Science Driven by People, Powered by Expertise
Meet the experts advancing vivoPharm’s research excellence
Dr. Ralf Brandt
Is a distinguished pharmaceutical and oncology research executive with over 30 years of experience in drug discovery, oncology, angiogenesis, and preclinical development. He has held senior leadership roles including CEO and Founder of vivoPharm Pty Ltd and vivoPharm Global Pty Ltd, President Discovery at CGIX and VYANT Bio Inc. , and executive positions at Novartis and Bionomics Ltd. Dr. Brandt has advanced more than 50 compounds to clinical studies by generating and presenting non-clinical data to client and/or regulatory bodies, holds five international patents, and authored 27 peer-reviewed publications and several book chapters. He is an expert in in vivo and in vitro pharmacology, cell biology, animal model development, GLP compliance, and translational research, and serves on several scientific advisory boards globally. He earned his PhD in Biochemistry from the Max-Delbrück Center for Molecular Medicine, Berlin, and has received multiple awards including the prestigious Fogarty Fellowship (NIH, USA).
Prof. Dr. Klaus Kutz
Is a German physician and consultant with over 25 years of independent experience in Clinical Pharmacology and Drug Safety, following 12 years in senior international roles at Sandoz and Sanofi. As founder of AccelPharm, he supports small and mid-sized pharmaceutical companies and CROs in early clinical development, regulatory submissions (INDs, NDAs), and safety oversight. His therapeutic expertise spans oncology, cardiovascular disease, gastroenterology, metabolism, neurology, dermatology, and pharmacotherapy in the elderly. A Professor of Medicine at the University of Bonn, he is board-certified in Internal Medicine, Gastroenterology, and Clinical Pharmacology, and fluent in German, English, and French.
Rosemary Bubner
Is an experienced Scientific Writer with a strong background in pharmaceutical quality assurance and drug analysis. She began her career as a Microbiologist and Laboratory Analyst at Faulding Pharmaceuticals, working to GLP standards in bioequivalence and QA laboratories. Since 2006, she has worked at vivoPharm Pty Ltd, specializing in the preparation of detailed preclinical study reports. Rosemary holds a Bachelor of Applied Science (Medical Technology) from the South Australian Institute of Technology and has completed extensive GLP compliance training.
Dr. Neeta Mathuria
Is a highly experienced Quality Assurance and Preclinical Research professional with over 15 years in toxicology, pharmacology, efficacy testing, and GLP compliance in CROs and pharmaceutical companies. She began her career as a Study Director and later transitioned to Quality Assurance leadership, including her role as Manager – QA at Bharat Serums and Vaccines.

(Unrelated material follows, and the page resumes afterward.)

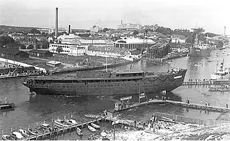 The investments required capital and finally Crichton-Vulcan was sold to Maskin o. Bro, which had taken over previously the Hietalahti yard in Helsinki. The acquisition improved the company's financial basis and during the 1930s Crichton-Vulcan had grown the strongest and most modern shipyard of Finland under Staffans's leadership.[7] The most important investments were a crane with a capacity of 100 tonnes and a dry dock.[8]

Dr. Mathuria has extensive expertise in OECD GLP, GMP, regulatory compliance, preclinical study audits, SOP implementation, and staff training. She holds a PhD in Zoological Sciences and multiple degrees in Zoology and Education, and has received recognition as Best Scientist and Preclinical Best Research Scientist. She is also an active researcher, reviewer, and editorial board member for international journals.
Dr. Vinod Kumar
Is a seasoned research and development professional with over 18 years of experience across preclinical research, translational science, and early-phase clinical development in global CRO and academic environments.
He currently serves as an Adjunct Senior Fellow at The University of Queensland, leading research in the preclinical development of neuroprotective therapeutics and advanced pharmacokinetic, metabolomic, proteomic, and lipidomic studies.
Dr. Kumar holds a PhD in Drug Development and Pharmacokinetics and brings proven expertise in bioanalytical method validation, in vivo study design, and regulatory compliance. His career includes leadership and technical roles at The University of Queensland, Douglas Pharmaceuticals, and the Auckland Cancer Society Research Centre, reflecting a strong track record in scientific innovation and operational excellence.
Recognised for his depth of knowledge in LC-MS/MS method validation and PK/TK analysis, Dr. Kumar has successfully supported programs involving small molecules, biologics, nanoparticles, and liposomal formulations. He excels at bridging scientific strategy with clinical execution—accelerating the transition from discovery to human studies.